Cloud-aware, provider-agnostic monitoring
Category : Tools
I’ve never had to deal so much with monitoring. I’ve established a few Nagios instances in earlier days, I’ve used Amazon CloudWatch, Pingdom and New Relic lately for cloud setups, but I don’t consider myself a monitoring expert. At Otomato we are currently mainly focused on software delivery processes, on how to get those bits from dev machines and into production in the most effective and agile manner without compromising quality. Monitoring, although an important part of running software and assuring successful value delivery (should I say an important part of DevOps?) , has been largely out of our scope.
But now we are working on a new project where we had to deal with the full-full cycle – building, deploying and running. Moreover – the requirement was for cloud-provider-agnostic solutions as this is going to be a multicloud setup.
And with that came the most exciting part of any project – the research!
I didn’t want to go back to Nagios as my previous encounters with it left a bad aftertaste. Cumbersome setup, dated WebUI and no real support for ephemeral cloud servers. So I started reading up to understand what are the newer tools on the market and if #monitoringsucks less now than it used to.

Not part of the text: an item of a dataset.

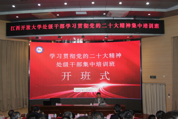 3月9日上午,WilliamHill官方网站处级干部学习贯彻党的二十大精神集中培训班正式开班。校党委书记贺瑞虎主持并作开班动员讲话。在家校领导出席、全体处级干部参加。全省各设区市开放大学领导干部以线上方式参会。

Here are the links to a few articles that really helped me in my research:
A series of posts on Florin’s blog: http://florin.myip.org/blog/monitoring-cloud-part-1-tools-and-techniques
All James Turnbull has to say about monitoring and his experience with Riemann: https://kartar.net/tags/monitoring/
This comparison of Nagios, Sensu and Icinga2 : http://phillbarber.blogspot.co.il/2015/03/nagios-vs-sensu-vs-icinga2.html
And there are more…
To sum things up – I really liked what Riemann has to offer, and I’d like to research it more for future project but currently we’ve decided to go with Sensu. Reasons: scalability, cloud-awareness and yes – a good-looking WebUI.
Needless to say – we’ve only touched the tip of the iceberg here – modern monitoring is a world of its own. Metrics collection, event handling, threshold definition, log analysis, anomaly detection – you name it. We promise to revisit all these in more depth but until then – please comment here with links and insights of your own.